Кто бы это мог звонить в послеобеденные часы, недоумевал он. Вернулся с обеда каких-нибудь минут сорок назад и чувствовал, как его одолевает сонливость. Так всегда бывает после плотного обеда в жару. А он в этот день съел больше обыкновенного — и суп ел, и рис. Шел к телефону, чувствуя тяжесть в желудке.

Телефон, которым им разрешалось пользоваться, стоял на столе у старшего клерка, и тот свирепо смотрел на каждого, кто брался за трубку. Под таким взглядом невозможно было долго болтать. Куан Мэн поздоровался и взял трубку.

— Да?

— Алло! Алло!

Куан Мэн узнал голос младшего брата, но звучал он напряженно и встревоженно.

— Слушаю! В чем дело, Кэй?

— Это ты, да?

— Да, я это! Что случилось?

— Иди скорей домой! Отец заболел! Без сознания.

— Когда это случилось?

— Да вот только. Иди скорей домой!

— Иду. Он дома?

— Да!

— А мать?

— Мать тоже дома! Иди скорей!

— Хорошо. Беги домой, скажи матери, что я уже иду. Понял?

— Понял. Но только иди скорей! Куан Мэн положил трубку. Старший клерк смотрел на него.

— У меня заболел отец, — сказал Куан Мэн, хотя его ни о чем не спрашивали.

— Отец болен, — повторил он минуту спустя мистеру Тану.

— Что? Опять отец болен? — недовольно переспросил мистер Тан.

Да, чуть не сказал Куан Мэн, только теперь он действительно болен. Он прикусил язык.

— Он серьезно заболел. Потерял сознание.

Куан Мэн прыгнул в такси. Он никак не мог собраться с мыслями. Не знал, что думать. Кэй сказал — без сознания. А вдруг отец уже умер? Куан Мэн отогнал от себя эту мысль. Не может быть. Выглянул в окошко мчащегося такси — мир был все таким же, ничего не изменилось. Не может быть, думал он, не может быть. И твердо знал — может.

Лифт никак не шел. Куан Мэн нажимал и нажимал кнопку вызова. Когда он наконец спустился, Куан Мэну показалось, что автоматическая дверь открывается медленней, чем всегда. Нажал кнопку восьмого этажа, лифт пополз вверх. Остановился. Куан Мэн выскочил из кабины, помчался вниз на свою площадку, перескакивая через ступеньки, и влетел в квартиру.

Из спальни выходила мать — глаза у нее распухли от слез.

— Мэн, ну что же нам теперь делать?

— Как он, ма? — осторожно спросил Мэн.

— Лежит и не двигается. Зайди к нему, Мэн, посмотри.

Он неловко погладил мать по плечу.

Раздвинув жиденькую портьеру, Куан Мэн вошел в спальню родителей. Отец лежал на двухспальной кровати в позе спящего человека. У постели сидела жена дяди Чеая.
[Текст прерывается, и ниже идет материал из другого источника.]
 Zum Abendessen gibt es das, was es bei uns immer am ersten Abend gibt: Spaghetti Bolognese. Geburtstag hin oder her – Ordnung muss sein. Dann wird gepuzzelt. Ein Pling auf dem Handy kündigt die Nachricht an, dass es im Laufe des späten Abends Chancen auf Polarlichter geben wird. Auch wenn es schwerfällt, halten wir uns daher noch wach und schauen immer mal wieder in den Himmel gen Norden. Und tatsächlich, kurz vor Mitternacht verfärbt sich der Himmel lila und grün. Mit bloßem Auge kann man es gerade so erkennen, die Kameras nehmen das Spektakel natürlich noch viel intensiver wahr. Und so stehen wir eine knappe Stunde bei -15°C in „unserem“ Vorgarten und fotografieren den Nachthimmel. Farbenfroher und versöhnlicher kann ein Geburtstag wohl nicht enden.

— Мэн, наконец-то ты пришел, — вздохнула она.

— Ну как он, тетя?

— Тихо лежит, как видишь, — почти прошептала она. — И ни разу не шевельнулся.

Куан Мэн подошел поближе, дотронулся до отца. Ему показалось, что отец уже умер, так неподвижно было его тело, но потом он увидел, что отец дышит, медленно и глубоко. Тогда Куан Мэну стало казаться, что отец спит, что он может разбудить его. Дотронулся до отцовского лба — лоб был прохладным и липким. Куан Мэн почти отдернул руку и знаком показал тетке, что уходит.
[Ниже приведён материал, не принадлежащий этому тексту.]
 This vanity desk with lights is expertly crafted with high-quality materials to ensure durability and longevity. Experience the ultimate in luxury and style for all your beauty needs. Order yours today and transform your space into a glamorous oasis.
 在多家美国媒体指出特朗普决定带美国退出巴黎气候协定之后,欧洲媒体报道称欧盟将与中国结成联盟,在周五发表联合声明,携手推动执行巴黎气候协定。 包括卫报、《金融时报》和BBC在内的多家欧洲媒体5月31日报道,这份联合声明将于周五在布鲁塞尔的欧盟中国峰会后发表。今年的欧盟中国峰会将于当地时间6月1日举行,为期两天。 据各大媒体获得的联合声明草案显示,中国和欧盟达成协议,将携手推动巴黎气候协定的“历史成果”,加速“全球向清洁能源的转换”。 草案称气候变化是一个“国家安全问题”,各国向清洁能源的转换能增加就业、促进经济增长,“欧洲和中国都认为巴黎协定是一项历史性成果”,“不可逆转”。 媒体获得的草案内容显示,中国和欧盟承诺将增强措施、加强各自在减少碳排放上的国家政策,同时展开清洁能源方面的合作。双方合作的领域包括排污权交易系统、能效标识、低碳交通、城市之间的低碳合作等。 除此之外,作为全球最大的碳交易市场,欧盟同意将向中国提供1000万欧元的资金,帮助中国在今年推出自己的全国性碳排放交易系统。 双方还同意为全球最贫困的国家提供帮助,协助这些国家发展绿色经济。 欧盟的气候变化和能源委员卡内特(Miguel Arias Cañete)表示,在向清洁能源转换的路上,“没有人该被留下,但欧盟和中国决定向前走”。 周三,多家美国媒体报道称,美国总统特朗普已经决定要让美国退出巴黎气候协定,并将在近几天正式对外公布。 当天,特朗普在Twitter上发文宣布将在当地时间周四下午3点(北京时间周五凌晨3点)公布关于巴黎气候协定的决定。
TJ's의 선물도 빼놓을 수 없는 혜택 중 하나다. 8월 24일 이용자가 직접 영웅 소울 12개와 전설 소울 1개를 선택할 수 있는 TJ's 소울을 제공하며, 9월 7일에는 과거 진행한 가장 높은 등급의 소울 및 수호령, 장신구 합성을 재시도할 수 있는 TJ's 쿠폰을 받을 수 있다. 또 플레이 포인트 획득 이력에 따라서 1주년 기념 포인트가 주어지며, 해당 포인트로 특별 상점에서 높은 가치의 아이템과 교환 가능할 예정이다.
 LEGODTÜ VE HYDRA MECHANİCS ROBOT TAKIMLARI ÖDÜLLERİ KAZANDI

Мать сидела на диване. Выражение отчаянной безнадежности застыло на ее лице. Младшие девочки сгрудились вокруг нее. При виде Куан Мэна они подняли к нему перепуганные мордочки.
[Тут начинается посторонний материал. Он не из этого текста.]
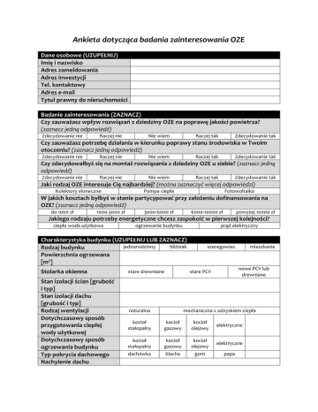 Ankieta dotycząca badania zainteresowania OZE Dane osobowe (UZUPEŁNIJ) Imię i nazwisko Adres zameldowania Adres inwestycji Tel. kontaktowy Adres e-mail Tytuł prawny do nieruchomości Badanie zainteresowania (ZAZNACZ) Czy zauważasz wpływ rozwiązań z dziedziny OZE na poprawę jakości powietrza? (zaznacz jedną odpowiedź) Zdecydowanie nie Raczej nie Nie wiem Raczej tak Zdecydowanie tak Czy zauważasz potrzebę działania w kierunku poprawy stanu środowiska w Twoim otoczeniu? (zaznacz jedną odpowiedź) Zdecydowanie nie Raczej nie Nie wiem Raczej tak Zdecydowanie tak Czy zdecydowałbyś się na montaż rozwiązania z dziedziny OZE u siebie? (zaznacz jedną odpowiedź) Zdecydowanie nie Raczej nie Nie wiem Raczej tak Zdecydowanie tak Jaki rodzaj OZE interesuje Cię najbardziej? (można zaznaczyć więcej odpowiedzi) Kolektory słoneczne Pompa ciepła Fotowoltaika W jakich kosztach byłbyś w stanie partycypować przy założeniu dofinansowania na OZE? (zaznacz jedną odpowiedź) do 1000 zł 1000-3000 zł 3000-6000 zł 6000-10000 zł powyżej 10000 zł Jakiego rodzaju potrzeby energetyczne chcesz zaspokoić w pierwszej kolejności? ciepła woda użytkowa ogrzewanie budynku prąd elektryczny Charakterystyka budynku (UZUPEŁNIJ LUB ZAZNACZ) jednorodzinny bliźniak Rodzaj budynku Powierzchnia ogrzewana [m2] Stolarka okienna Stan izolacji ścian [grubość i typ] Stan izolacji dachu [grubość i typ] Rodzaj wentylacji Dotychczasowy sposób przygotowania ciepłej wody użytkowej Dotychczasowy sposób ogrzewania budynku Typ pokrycia dachowego Nachylenie dachu stare drewniane szeregowiec nowe PCV lub drewniane stare PCV naturalna mieszkanie mechaniczna z odzyskiem ciepła kocioł stałopalny kocioł gazowy kocioł olejowy elektryczne kocioł stałopalny kocioł gazowy kocioł olejowy elektryczne dachówka blacha gont papa Dostępna powierzchnia na gruncie lub dachu Informacje dodatkowe (UZUPEŁNIJ LUB ZAZNACZ) TAK Dostęp do internetu Ilość osób stale użytkujących budynek Zużycie energii elektrycznej za rok ubiegły [kWh] Zużycie wody za rok ubiegły [m3] Rodzaj i zużycie opału w roku ubiegłym [t lub m3 lub kWh] NIE Zgodnie z Ustawą z dnia 29. 08. 1997 roku o ochronie danych osobowych (tekst jednolity: Dz. U. z 2002 r. Nr 101, poz. 926 ze zm.) oświadczam, że: • wyrażam zgodę na przetwarzanie moich danych osobowych, do celów związanych z uruchomieniem oraz realizacją projektu współfinansowanego ze środków dotacyjnych w zakresie czynności dotyczących budowy mikroinstalacji prosumenckich wykorzystujących odnawialne źródła energii w zakresie związanym ze wszystkimi czynnościami, operacjami i pracami niezbędnymi do przygotowania, uruchomienia, wdrożenia, realizacji i rozliczenia projektu, • jestem świadomy/a przysługującego mi prawa uaktualniania, uzupełniania, usunięcia danych ze zbioru oraz możliwości wglądu do nich. Oświadczam ponadto, że moje dane osobowe udostępniam dobrowolnie. ……………………………………… miejscowość i data ……………………………………… czytelny podpis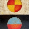 - The top circle is divided into four equal sectors, two of which are painted red and two are yellow. The background around the top circle has a light, warm beige-brown texture.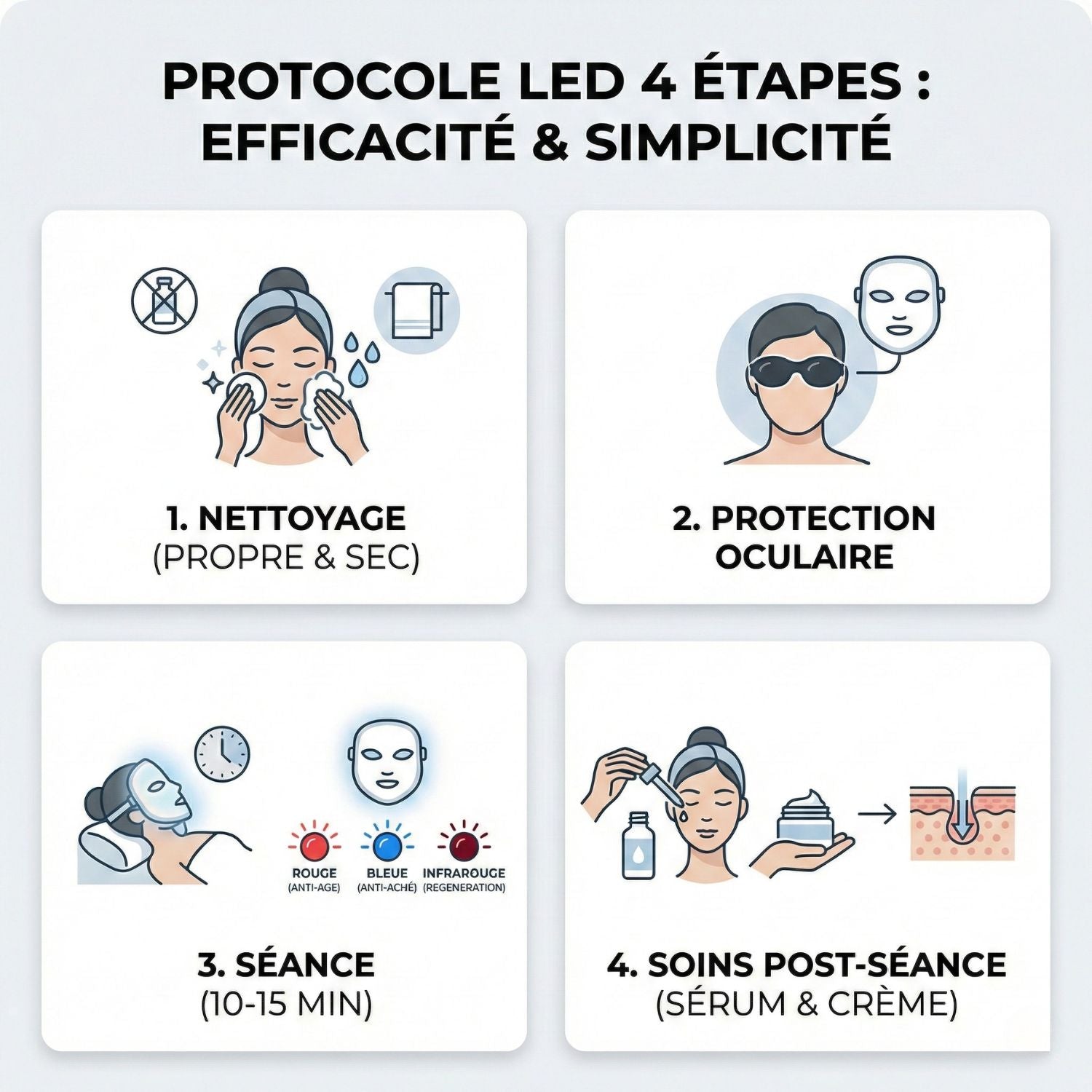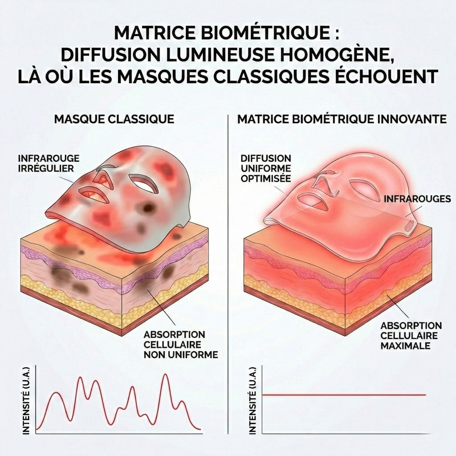 La lumière rouge et infrarouge représente le standard d'or en dermatologie anti-âge. C'est la seule technologie capable d'inverser le vieillissement cellulaire, offrant des résultats dignes des traitements en clinique.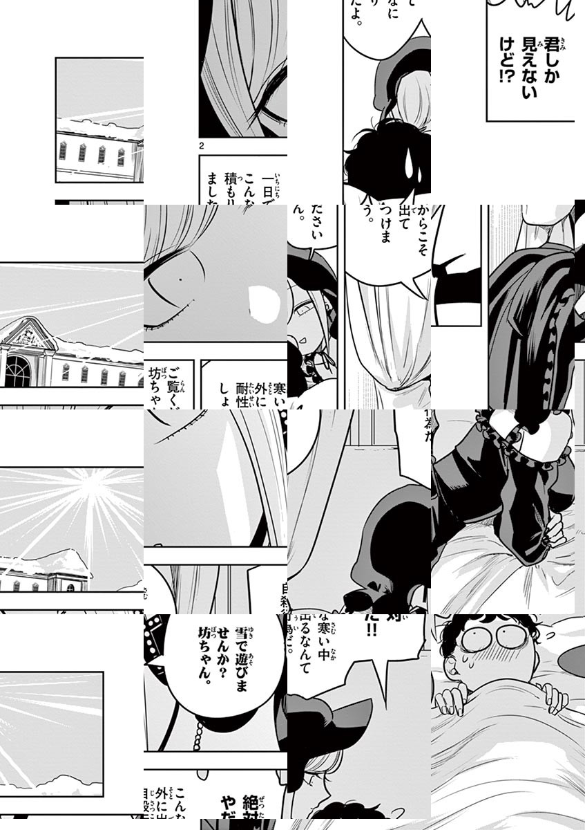 町から外れた森の中、その奥の奥にひっそり佇む大きなお屋敷。そこには「死神」が住んでいる__ある日、魔女に「触れたもの全てを死なせてしまう」呪いをかけられ、周囲に拒絶されるようになった貴族の「坊ちゃん」。そんな坊ちゃんが今一番困っていることは…彼に仕えるメイド・「アリス」の逆セクハラ!彼女のことが気になる坊ちゃん。逆セクハラは嬉しい…でも触れられないのは辛い!アリスもどうやら坊ちゃんが気になっているようだけど、坊ちゃんは彼女の手さえも繋げない。二人の純愛は実を結ぶのか!? Twitterで大反響を呼んだ、二人の小さな恋物語、待望の週刊連載化!! ◆作者コメント ちょいギャグちょいエロちょい純愛で頑張っていこうと思います。 ◆作者コメント(最終話まで読んでいただいた方へ) ご愛読有難うございました。 死神坊ちゃんと黒メイドに関連するお話を思いついたらまたなにか描きますので、見に来て頂けると嬉しいです。

— Вызвали доктора? — спросил Куан Мэн.

— Доктор Шивам уже в пути, — ответил Куан Кэй.

— Ма, ты можешь рассказать мне, как это произошло? — мягко попросил Куан Мэн.

— Вернулся с работы перед обедом, сказал, что ему нездоровится. Я ему говорю тогда — ты отдохни немного, я думала: отдохнет, и все пройдет. Отец согласился. Потом сели обедать, отец почти ничего не ел, а потом сделалось вот так, как сейчас: он читал газету и вдруг упал на лицо. Сознание потерял. Пришлось звать на помощь, чтоб его в спальню перенесли. С тех пор он так и лежит.

— Надо дождаться доктора, — заявил Куан Мэн. — Где же это он? Пора бы ему уже прийти!

— Доктора всегда так заняты, — вздохнула мать.

— Ну и что? Разве не сказали доктору, что отцу плохо?

— Я все сказал! — заторопился Куан Кэй. — Я бежал всю дорогу до больницы! Я сказал, что нужно срочно!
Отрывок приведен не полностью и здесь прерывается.